On Mobileye’s formal model of AV safety

Summary: This short post talks about Mobileye’s new paper (regarding a formal approach to Autonomous Vehicles safety). It claims that the paper has several issues, but is nevertheless an important start.

Mobileye came out with a paper titled “On a Formal Model of Safe and Scalable Self-driving Cars” (Bloomberg coverage, summary paper, full pdf). Their main contribution is a thoughtful, detailed, formal description of AV safety – do take a look.

I disagree with some of what they say (see below), but I think the paper is important.

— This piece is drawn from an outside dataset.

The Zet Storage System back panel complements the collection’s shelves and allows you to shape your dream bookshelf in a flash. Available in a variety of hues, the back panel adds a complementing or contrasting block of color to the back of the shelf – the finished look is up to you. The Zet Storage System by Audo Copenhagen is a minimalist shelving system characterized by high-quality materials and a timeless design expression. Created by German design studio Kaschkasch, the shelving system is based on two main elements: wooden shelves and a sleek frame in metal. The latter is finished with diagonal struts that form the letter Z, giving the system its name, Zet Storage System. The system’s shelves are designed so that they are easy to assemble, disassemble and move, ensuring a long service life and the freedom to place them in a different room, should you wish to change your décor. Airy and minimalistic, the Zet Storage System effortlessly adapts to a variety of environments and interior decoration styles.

I especially like their audacity – trying to formally define safety once and for all. Even if it can’t quite be done, I think this is the start of something good.

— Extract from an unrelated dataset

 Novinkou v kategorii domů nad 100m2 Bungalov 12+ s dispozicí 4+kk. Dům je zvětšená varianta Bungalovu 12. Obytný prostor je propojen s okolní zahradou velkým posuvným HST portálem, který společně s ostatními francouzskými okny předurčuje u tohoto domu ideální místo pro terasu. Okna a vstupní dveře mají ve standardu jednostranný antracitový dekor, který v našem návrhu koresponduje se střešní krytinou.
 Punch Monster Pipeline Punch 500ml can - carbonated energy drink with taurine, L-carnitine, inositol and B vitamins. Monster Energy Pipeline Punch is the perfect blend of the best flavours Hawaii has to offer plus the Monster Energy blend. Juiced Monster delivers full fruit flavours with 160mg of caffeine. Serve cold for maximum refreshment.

I was originally going to write a longer post, summarizing the paper and discussing it. However, that got delayed (I do have excellent excuses), and in the meantime the ever-alert Junko Yoshida of EETimes wrote an initial summary / critique of the paper, and then interviewed Phil Koopman (whom I mentioned before) and Missy Cummings. These experts said most of what I wanted to say (and some things I did not think about), so I decided to just quickly summarize that below, and add what I thought was missing.

I agree with the following views: Here are some of the things Koopman and Cummings said (paraphrased, and perhaps mangled, by me):

They start by expressing similar views to what I said above: The paper oversimplifies somewhat, but is an important start.
They emphasize that SW bugs (mentioned but not further covered in the paper) could be a big issue (I’d add that HW logic bugs should also be considered).
They mention that there are many papers about provable robot safety, which need to be reconciled / considered together with the Mobileye paper
They discuss all the complexity created by the need for mutual understanding between AVs and human drivers (see my post about that).
They discuss all kinds of possible surprises and unintended consequences. Koopman mentioned that “It’s hard to believe that lidar and radar failure independence will work out as well as the discussion assumes”.
Koopman also mentioned the possibility of ML systems learning to game the system: “…what if there’s is a loophole due to measurement uncertainty or pessimistic assumptions that need to be made in practice? It’s likely that machine learning systems will find any such loophole and exploit it. And probably we won’t think of them all in advance”. (To me, this is just one more case where it’s the spec bugs that kill you).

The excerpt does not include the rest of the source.